Fourthly, The Bench didn’t think about the proportion of the instance of Rylands v. Fletcher however offered inclination to the standard created by American Courts on trench breaks and applied the rule of ‘flaw obligation, which was additionally very clear from the conditions. Thus, the perspective on the High Court that the standard of exacting obligation, which was changed on account of State of Punjab v. Present-day Cultivators, doesn’t matter to the current case. Exacting Liability and Faulty Liability don’t go together.

In the middle of Strict Liability and Fault Liability, there may be different conditions in which one gathering is qualified to sue for harm. Even though the dam was being worked for the local area, it was a fundamental capacity and the utilization of land or water was not a demonstration of the non-regular client. Yet, this doesn’t vindicate the State’s duty towards its residents for such infringement which bring about harm or wounds. The central matter of concern is the injury and not how it was caused. On the off chance that the reason for misfortune or harm is the disappointment of obligation, either broad or explicit, the activity under Tort Law comes into the spotlight.

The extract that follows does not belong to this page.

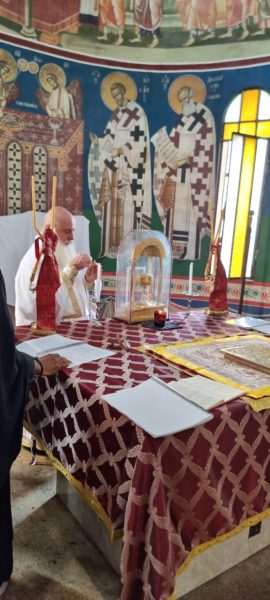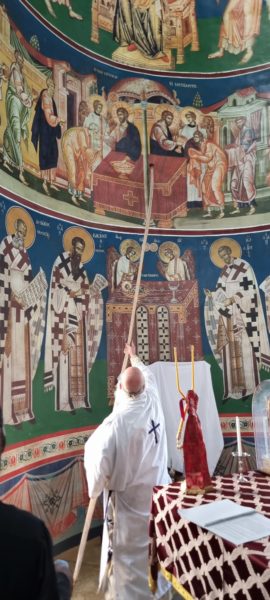 Ο Αρχιμανδρίτης Χρυσόστομος μίλησε στους πιστούς για την σημασία των Εγκαινίων ενός Ιερού Ναού και εξήγησε συνοπτικά τα της ακολουθίας.

Consequently, the allure was fruitful. The court granted Rs. 1,58,735 alongside three premium sections of 6%, 9%, and 12% up to January 1993.

According to Justice R.M. Sahai, the fundamental thought of the Law of Torts is established and in light of the ethical point that nobody has the privilege to harm or damage somebody purposefully or even guiltlessly. Thusly, it would be a slip-up for the Court to disregard the carelessness of the State and empty the Appellant of his right of the case of pay.


The Law of Tort is enormously affected by the socio, monetary and political changes of the general public. This law is an aftereffect of association among law and ethical quality. The remuneration was important to give to the appealing party for this situation else it would have made more prominent unfairness to him. An everyday person, in a non-industrial nation, will think that it’s an enormous assignment to organize the court charges and not be given equity because the state acted carelessly while doing the government assistance of the residents and thus, he ought to be given equity. Thusly, it ought not to be inflexibly applied in careless cases; rather there ought to be the more noteworthy degree to incorporate evolving society.